16TH JUNE, 2020

How Irish SMEs can collaborate with other organisations to promote and fund R&D activities

Research and development usually involves multidisciplinary teams working together across the company. It’s an excellent chance for colleagues from a range of backgrounds and disciplines to put their creative ideas forward and create something amazing. But company cohesion is not the only thing that’s important here; collaboration with outside organisations plays an essential part too. This may be other businesses in the field for example, or academic institutions.

Why is external collaboration so beneficial to R&D?

There are many benefits to working with other organisations on R&D but important ones include:

Innovative working that is truly new and groundbreaking

R&D is all about making something fresh and exciting that people haven’t seen before, but achieving it requires companies to harness a wealth of expertise. This means putting together the highest quality team, all with the ideal set of skills and experiences to bring about high quality innovation. Collaborating both with academic institutions and other businesses increases the pool of talent committed to the project they’re working on. Additionally, by having a larger talent pool from across the industry, innovative teams can gauge a more accurate view of the market in real time, more so than a centralised R&D group would have on its own.

Stronger financial performance

Working collaboratively can help businesses reduce the costs of innovation by working in a less siloed way. Supply chain collaboration for instance gives the opportunity for sharing resources and spreading the financial risk across many different parties. When it comes to purchasing, businesses and institutions that work together on R&D projects may also financially benefit from economies of scale.

Speeding up R&D, and bringing ideas to market

Innovating collaboratively can speed up the time it takes to get products to market. By sharing development resources such as equipment and labour, R&D projects become faster and more efficient. Additionally, working together can bring about answers to broader problems in the sector, and new industry standards can be devised that pave the way for a faster pace of innovation later on.

How R&D and academia work together

There’s now a hugely recognised importance in academic institutions and innovative businesses working together in a mutually beneficial way. Not only does it give higher education institutes a very welcome cash boost, it also provides academics with the opportunity to design products and services that solve real social, technological and scientific problems. At the same time, companies can ‘give back’ to their community whilst gaining access to the brightest minds in the country. The results of this type of collaboration have massively improved numerous aspects of our lives over the years, as well as the world around us.

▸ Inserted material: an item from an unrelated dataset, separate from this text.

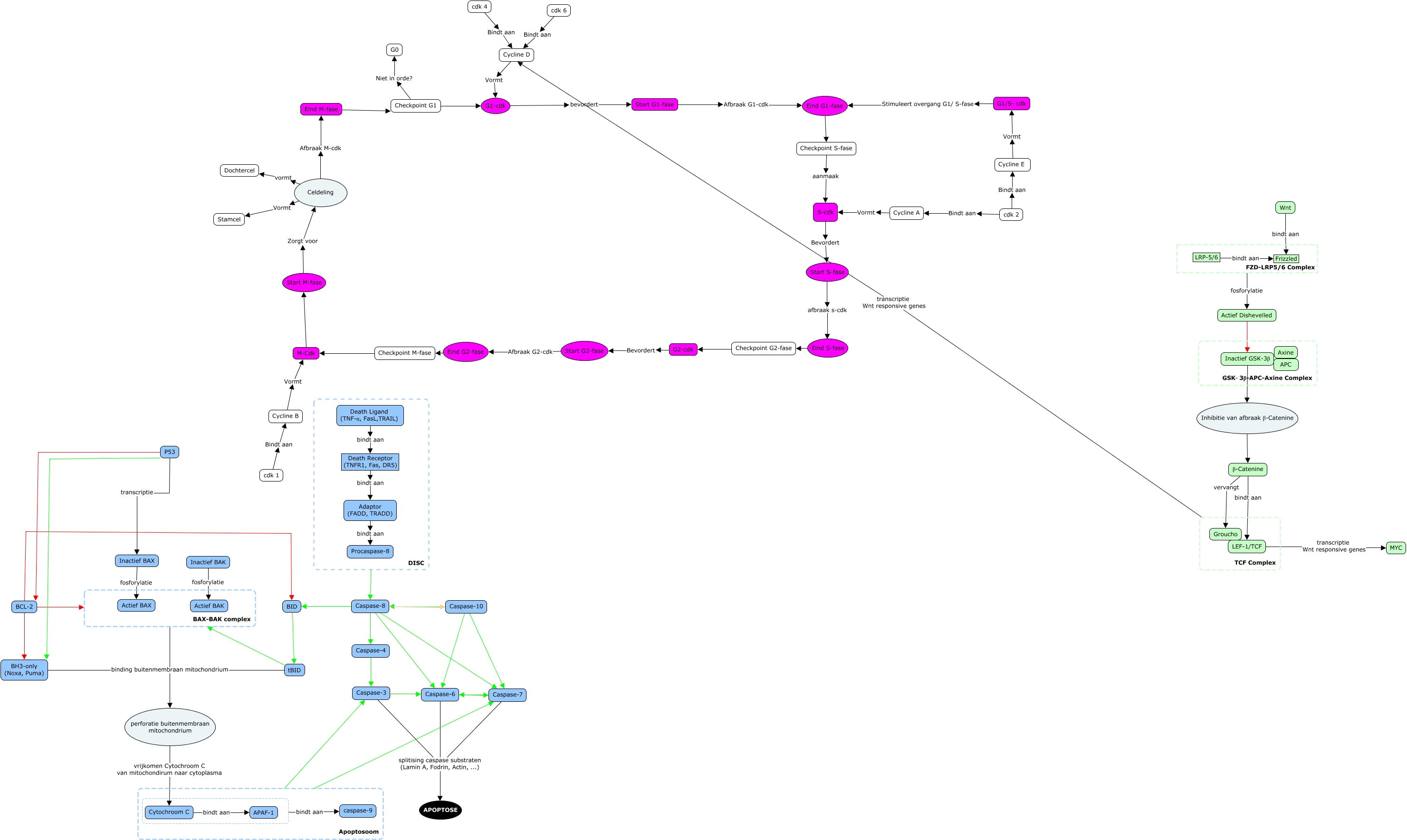 Deze Concept Map heeft informatie gerelateerd aan: Gezellig, Apoptosoom Caspase-7, BCL-2 BAX-BAK complex, Checkpoint M-fase M-Cdk, Caspase-7 Caspase-6, Start S-fase afbraak s-cdk Eind S-fase, Inactief BAX fosforylatie Actief BAX, TCF Complex transcriptie Wnt responsive genes Cycline D, Checkpoint G2-fase G2-cdk, Caspase-3 splitising caspase substraten (Lamin A, Fodrin, Actin, ...) APOPTOSE, tBID binding buitenmembraan mitochondrium perforatie buitenmembraan mitochondrium, Caspase-6 splitising caspase substraten (Lamin A, Fodrin, Actin, ...) APOPTOSE, cdk 1 Bindt aan Cycline B, DISC Caspase-8, S-cdk Bevordert Start S-fase, Actief Dishevelled Inactief GSK-3β, Caspase-8 Caspase-6, LEF-1/TCF transcriptie Wnt responsive genes MYC, G2-cdk Bevordert Start G2-fase, Caspase-3 Caspase-6, Caspase-6 Caspase-7

Collaboration with academia can spread the risk (and cost) of innovation

The big issue for businesses, particularly SMEs, is that innovation can be an expensive and difficult process, with no guarantee of success. So how can they spread the risk?

The answer may be found by working with academia, particularly for multinational corporations. However, it seems that that small and medium-sized companies in Ireland are not as research-intensive as in other parts of Europe largely due to their financial constraints. This is why the Irish Research Council (IRC) offer a range of schemes and programmes to help neutralise some of this risks of innovation so that SMEs too can benefit. Indeed, the long-term sustainability of these companies will largely depend on their ability and willingness to innovate wholeheartedly.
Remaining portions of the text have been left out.